Oleh : Muhammad Farid
4. Kadar/Besaran
Kadar Infak :
Jika
infak itu wajib hukumnya, pertanyaannya : Berapa infak yang harus kita
keluarkan dari harta kita ? jawabnya adalah : Yang lebih dari
keperluan/kebutuhan :
”Mereka bertanya kepadamu
tentang khamar dan judi. Katakanlah: "Pada keduanya terdapat dosa yang
besar dan beberapa manfaat bagi manusia, tetapi dosa keduanya lebih
besar dari manfaatnya". dan mereka bertanya kepadamu apa yang mereka
infakkan. Katakanlah: "yang lebih dari keperluan." Demikianlah Allah
menerangkan ayat-ayat-Nya kepadamu supaya kamu berfikir, (QS. 2:219)
Untuk
bisa memahami ayat ini kita harus tahu dulu perbedaan
keperluan/kebutuhan (needs) dengan keinginan (wants). Kebutuhan manusia
terbatas. Sedangkan keinginan adalah sesuatu diluar kebutuhan dan tidak
terbatas. Manusia butuh makan tapi dibatasi oleh kapasitas perutnya.

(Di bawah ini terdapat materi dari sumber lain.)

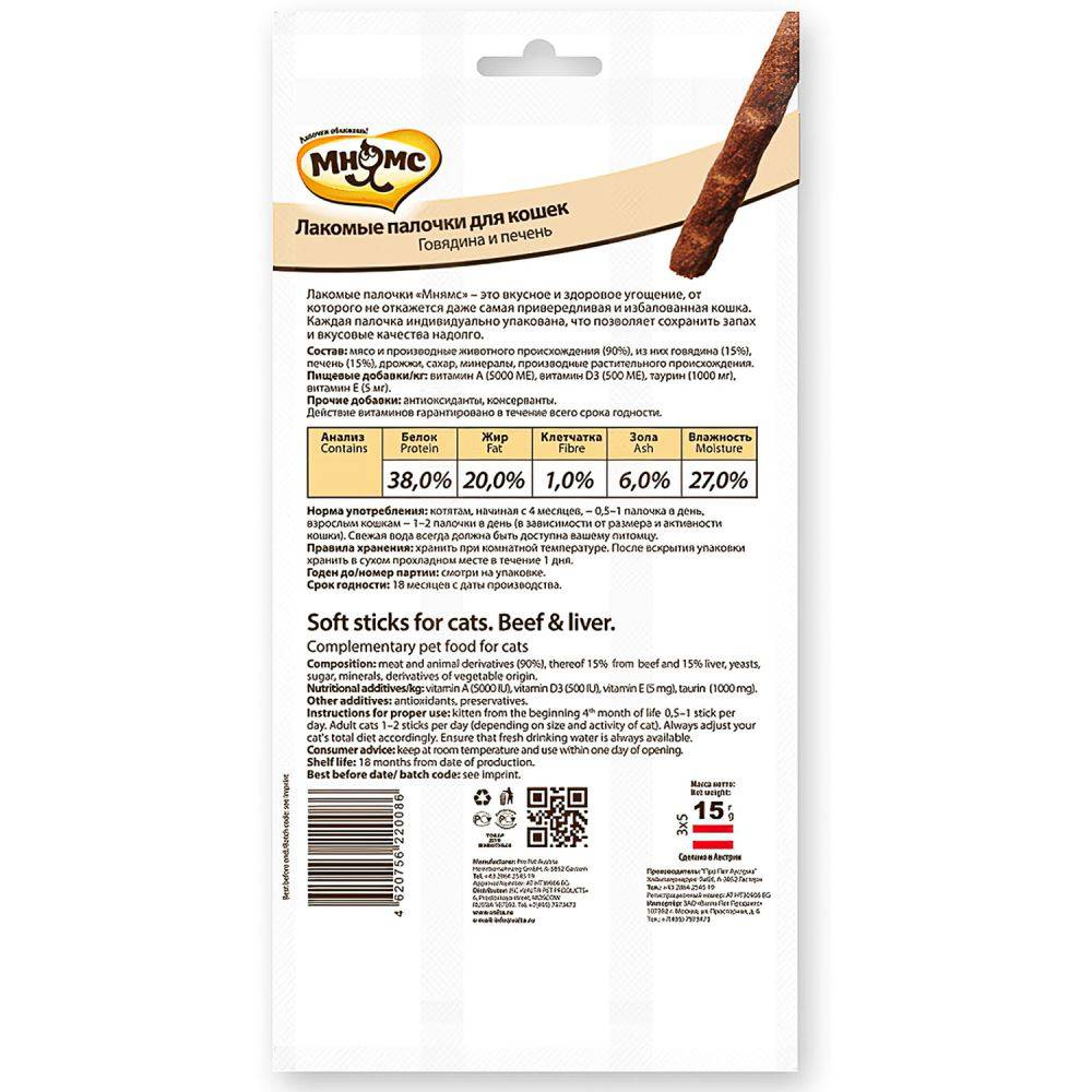 Мнямс лакомые палочки с говядиной и печенью – отличный выбор для вашей кошки. Мягкие палочки изготовлены из высококачественного натурального сырья и подходят для кормления котят с 4-х месяцев.

Tapi manusia ingin (want) makanan yang lezat dan mewah. Manusia butuh
pakaian untuk menutupi auratnya, sedangkan keinginannya adalah pakaian
yang sesuai dengan mode dan mewah. Manusia butuh rumah untuk tempat
tinggal, sedangkan keinginannya adalah rumah megah. Manusia butuh
kendaraan sedangkan keinginannya adalah kendaraan yang mewah.
Kita
hidup di dunia ini hanya untuk mengabdi (ibadah) kepada Allah bukan
untuk memuaskan keinginan. Keinginan dalam bahasa arab disebut ”hawa”.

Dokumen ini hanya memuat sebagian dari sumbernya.